Success Story: Turning Barriers into Opportunities

Sisters “Rebecca” and “Katie” came to CVE Inc. to look for part-time opportunities and met with Joanne Aherne, Employment Integration Specialist. (Please note that names have been changed to respect confidentiality).

This article tells their story, and showcases some of the strategies CVE uses to support job seekers with disabilities to surmount barriers to employment and achieve successful outcomes. EARN member CVE Inc. provides services to the disability community, employers, insurance providers, worker compensation boards, and government ministries.

Joanne began by creating a realistic Employment Plan for each job seeker based on their interests and job goals. It was decided at the outset that the employment plans would be comprehensive, covering everything from job search to setting up meetings with employers; both plans included Joanne attending meetings as a support and/or advocate.

Joanne’s focus in developing the plans was to remove barriers to employment. One of the most important things looked at was location. In the past getting to and from a job had been a barrier. Getting off a bus and crossing the street was also a challenge. The solution: to look at employment opportunities close to home. At CVE, we examine everything that could be a barrier, work to remove barriers and turn them into opportunities.

Rebecca was interested in working part-time as a cleaner so Joanne approached small businesses in her immediate neighbourhood. One employer, a restaurant owner, agreed to meet. Joanne requested a meeting, rather than an interview, as the first step in changing the conversation, an approach we value when developing relationships with employers.  Having a meeting has advantages over the traditional interview.  Meetings allow the employment counsellor to gain an understanding of the employer’s talent needs while simultaneously providing an opportunity to highlight job seeker skills and potential. We believe this approach allows employers to make an informed hiring decision.

Joanne disclosed that Rebecca understands what is said to her but has difficulty with expressing more than one or two words in response. Her strength is an amazing smile and her willingness to carry out job specific tasks. As a result of taking this approach, Rebecca was hired on the spot for 2 mornings of cleaning per week. Joanne continued to check in with both employee and employer to offer support. None was required.

Rebecca loved her new job, and a few months later, approached Joanne for help to find a second job. In fact, she used the first job as a stepping stone, to gain confidence, and to learn new skills. Staying close to home remained important to her because it automatically removed the barrier of transportation. Joanne found another part-time job in her neighbourhood. This time, the job was in a grocery store, counting and bagging fruit, a step up, more responsibility, and more of a learning curve.

Rebecca has remained in this second position. Joanne coached the first day and partnered with the client’s life coach. The life coach assisted on the job during the second shift. That was all that was required. Joanne still keeps in close touch with the employer, and all appears to be going well.

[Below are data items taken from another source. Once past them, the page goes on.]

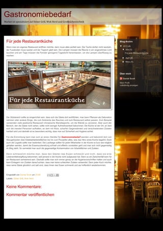 Das Dokument behandelt die wichtigen Aspekte der Einrichtung und Organisation einer Restaurantküche, einschließlich Hygiene, Sicherheit und Logistik. Es wird darauf hingewiesen, dass sowohl der Kundenbereich als auch die Küche sorgfältig gestaltet werden müssen, um ein angenehmes Ambiente und eine effiziente Essenszubereitung zu gewährleisten. Der Text betont die Bedeutung der Beachtung von Hygienevorschriften und die Auswahl frischer Zutaten, um die Zufriedenheit der Gäste sicherzustellen.
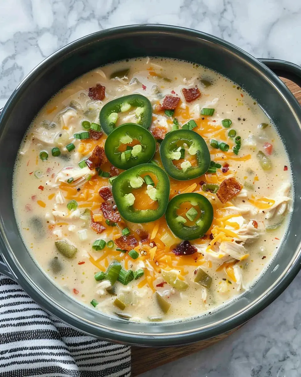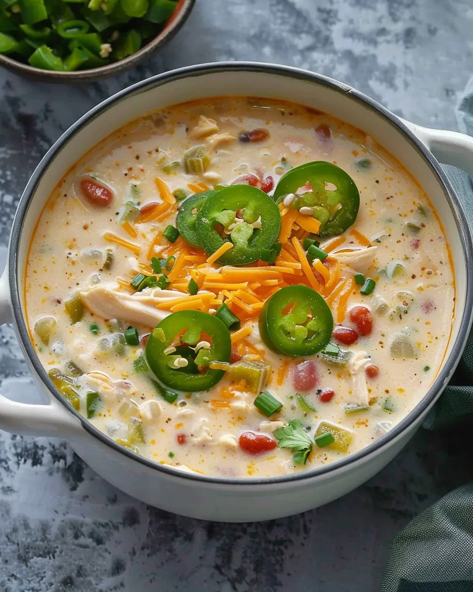 In conclusion, spicy jalapeno popper chicken soup is not just a delightful dish; it’s an experience. This creamy, comforting soup combines the zesty flavors of jalapeños with the savory goodness of chicken and spices, making it perfect for any occasion. Whether you’re cozying up on a chilly evening or planning a casual get-together, this recipe is sure to impress.
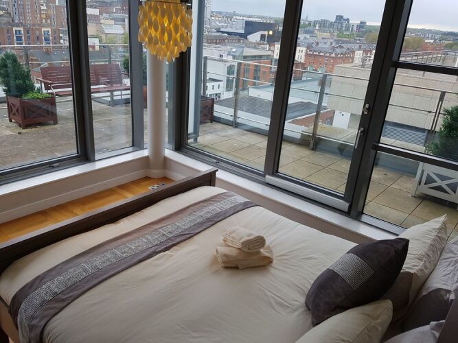 Отель Penthouse Apartment in Smithfield, адрес на карте Дублин, Apartment 79 Block B Smithfield Market, с характеристиками номеров и правом онлайн бронирования на сайте vashotel.ru , цены проживания и удобства.

Rebecca reports loving this job too.

Katie came to seek Joanne’s support at the same time. Katie wanted to work in retail, possibly at a mall. Using the same strategy as before, Joanne approached an employer, and once again changed the conversation by setting up a meeting, rather than an interview. This led to Katie being hired. She is now working part-time at a Value Village, near her home. She works as a floor associate, keeping areas neat and clean, helping with fitting rooms, and general recovery of items that need to be reorganized.

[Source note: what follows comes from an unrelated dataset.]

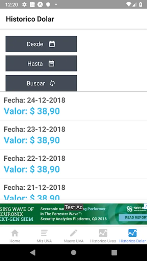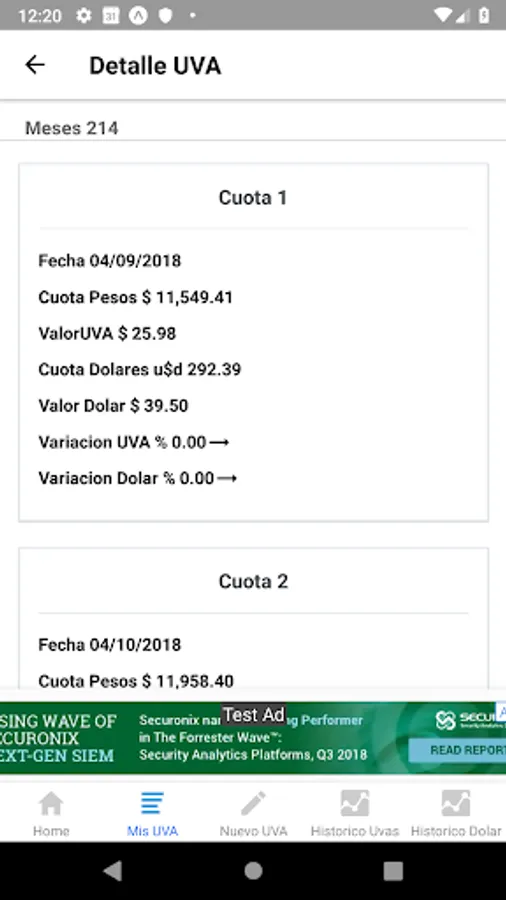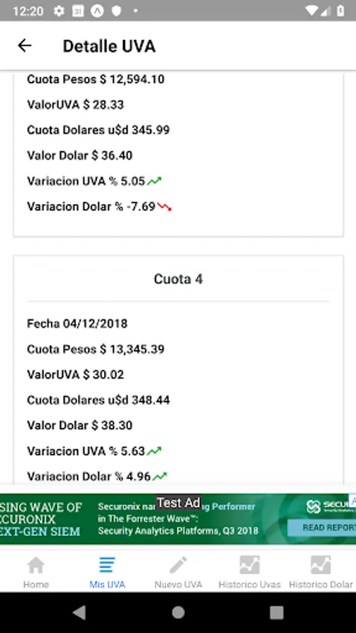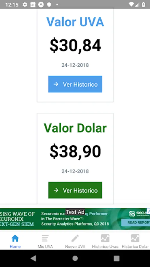 It shows the value of the UVA and Dolar of the day, and you can consult the historical ones.

Joanne offered to be there for the orientation and training which required the reading of manuals and store policies, and some online training. No further coaching was required. Like Rebecca, Katie enjoys her job too.

Both these individuals are examples of people who just want to work. They needed some help to reach their goals: Joanne is proud when she sees them flourishing in their jobs.

Here are some of the strategies Joanne used to support her clients, strategies that could be applicable to other job seekers who face barriers to employment:

  • Create a comprehensive and realistic individually-tailored employment plan for each job seeker;
  • Identify barriers to employment and work not only to remove them but to find ways to turn barriers into opportunities;
  • Realize that approaching employers doesn’t have to be a complicated process. It is about knowing how to talk to people, anticipating employer needs, knowing your audience and moving forward with determination;
  • Consider arranging meetings with employers. The formal “interview” may not work for some job seekers with disabilities; and
  • Partner with other organizations to provide additional supports – this can make the difference in a successful transition to work – for example: a skilled life coach can help some employees with disabilities with daily activities and thereby increase their life skills and job competencies.

Thank you CVE for submitting this success story!